At SC18, Dell EMC also said it’s expanding the accelerators that will be available in its PowerEdge R640, R740, R740xd, and R7425 systems. The new accelerators include Nvidia’s Tesla T4 GPU acelerator, housed in a small PCI-Express form factor, consuming 70 watts of power, and designed for machine learning inference and capable of doing training, too. In addition, the OEM is adding to the field-programmable gate arrays (FPGAs) used in the servers. Along with the Arria 10 GX FPGAs from Intel, the systems now can run the Alvero U200 FPGA accelerator card from Xilinx, which at the supercomputing conference announced the addition of the Alveo U280 to its lineup of accelerator cards.
In talking with The Next Platform, Pellegrino noted the company’s efforts to provide a wide range of technology options to the HPC space. Right now, the company offers systems that run both Intel Xeons and AMD Epyc chips, GPUs from Nvidia and AMD and FPGAs from both Intel and Xilinx. At the same time, the company also is evaluating other technologies, including Arm-based server chips like Cavium’s ThunderX2 as well as processors from other vendors and startups, such as Ampere. Whether to make systems powered by such technologies will depend in part on customer demand, he says. For the first time, an Arm-powered system, nicknamed “Astra,” made it onto the Top500 list. The supercomputer, housed at Sandia National Labs, was built by HPE and its powered by 135,328 ThunderX2 cores, and at 1.5 petaflops, sits at number 205.

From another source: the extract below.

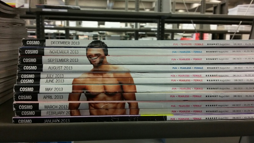 As you may or may not know, Cosmopolitan releases each year’s worth of issues so that if you stack them in order you’ll see a bare-chested man. The Colorado College stacks are usually missing an issue or two, which means that instead of a man, we get a monster. Thanks, Diane Westerfield!

“If I paint a bigger picture outside of what we have available, at any point in time, within our CTO office or the HPC organization, we always evaluate other technologies,” Pellegrino said. “We have had several discussions with Arm silicon vendors that have come up at times, but today we don’t have a platform with a SKU that customers can buy. It doesn’t preclude from having that, and when customers asked why wouldn’t we have a portfolio of Arm-based solutions, my answer is typically, ‘Would you feel like you could integrate that into your IT environment or your HPC environment today?’ The disconnect around Arm is really around the ecosystem. You can’t just take an Arm server and run Exchange on it. It’s not where it would excel, and, second, it’s not supported, it’s not validated. It just doesn’t work.”
The ecosystem argument tends to trip up the idea of wide adoption of Arm systems in datacenters, though he says there are aspects – from such perspectives as size, efficiency, density and integration with some Internet of Things (IoT) workloads – that make the chips attractive.

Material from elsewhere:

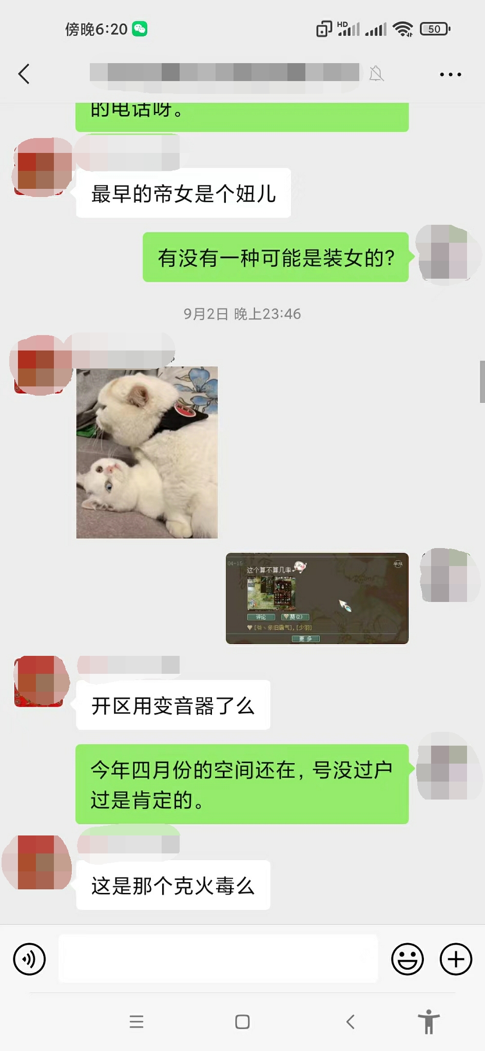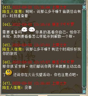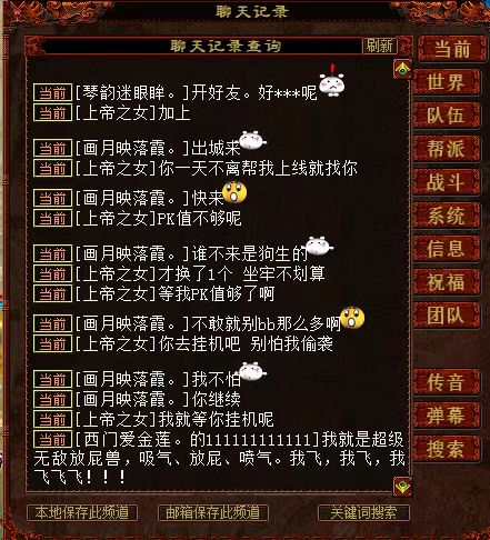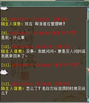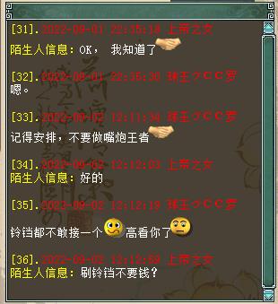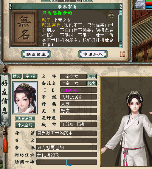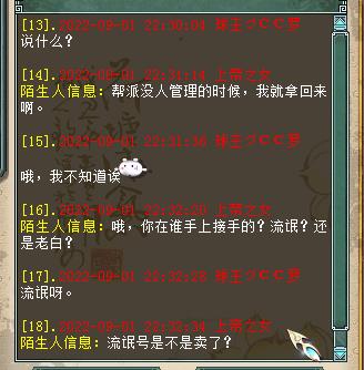 我是【策马江湖】服务器《再世情缘》帮派的现任帮主,我叫球王CC罗,今天要给大家分享一桩奇葩事件! 9月1号当天,一个号称《再世情缘》帮派创始人的玩家,前来和我索要帮派,还扬言要是不给他帮派,就偷袭全帮人员,直到帮派解散??? 我在“万般惶恐”之下,火速和帮里的管理人员通了气。大家齐心协力,有的在天上查位置,有的来长安城东等待对方的进攻,有的在查找这个人的详细资料......大家同仇敌忾,忙得不亦乐乎,整个过程中,除了要感谢全体兄弟的帮忙外,我还要特别提一下这位名叫“上帝之女”的玩家,如果不是他,这场热闹无比的大型事件又怎么会产生呢? 就在我认为这是一个“逗比”的时候,我们帮派群的群友里,却有人表示认识这个人,而且更是爆出了猛料。由于内容实在让人哭笑不得,所以请原谅我必须给爆料人打码。 并且,他还创建了一个新帮派,名叫《只为怼再世的》,据我了解,现在他的帮里,只有他一人...... 我们的《再世情缘》帮派,目前全区排名第2,这是全帮人员共同努力的结果。就连我这个现任帮主,帮派里的大小事件也需要和大伙儿商量着来...而这个“上帝之女”到底是什么目的,我真是完全搞不懂啊! 通过上面的聊天记录,我最后想给这个人总结一下:他很可能是个“逗比”,纯粹就是来逗我们开心的! 最后,请大家警惕“女扮男装”或者“女装大佬”,防止被骗财骗色骗感情,其实被骗也就算了,但是要回想起过程来,难免会感到下身一紧吧?所以,兄弟们啊,一定要抓牢裤腰带,意志力要坚定啊! 谨以此文,献给所有大话老铁,希望在这个炎炎夏日中,此文能让您感受到“一阵凉意”,祝大家天天开心,笑口常开! [编辑:叶子猪小秘书]

“There are points that would potentially bring us to Arm, but it’s really customer-driven,” he says. “I will say that in the space of HPC or hyperscale, there’s probably a little lighter lift to going to a platform that can be used for commercial applications. It’s primarily because the scope of the application is a lot narrower. If you’re limited to one application stack, it’s a lot easier to validate and get that support than if you want very broad enterprise support. Intel and AMD are on the map already, Arm is always in the discussion.”
FPGAs and other kinds of accelerators, such as custom ASICs, as well as the growing list of smaller chip makers hoping to gain a foothold in the server space, will have be evaluated as well, though which ones will pan out is a tough guessing game, he says.
“As much as Nvidia wants to be focused on graphics processors and Intel is a lot more generalist in nature, those FPGAs and those accelerators can be targeted for certain types of applications,” Pelligrino says. “You could have, for example, an FPGA targeted at image recognition, which could get you a performance advantage, and if you leverage that in a commercial environment where time to recognize something on your line is very critical, you could see value there. But trying to tell which of those players is going to be extremely relevant in five to ten years is like reading tea leaves. Mainstream will still continue to be primarily around processors. Accelerators have become the co-pilot of mainstream and then you have the wild, wild west, all those other options that are probably pretty valuable, but we’re not sure which ones will prevail and which will map to what verticals and workloads.”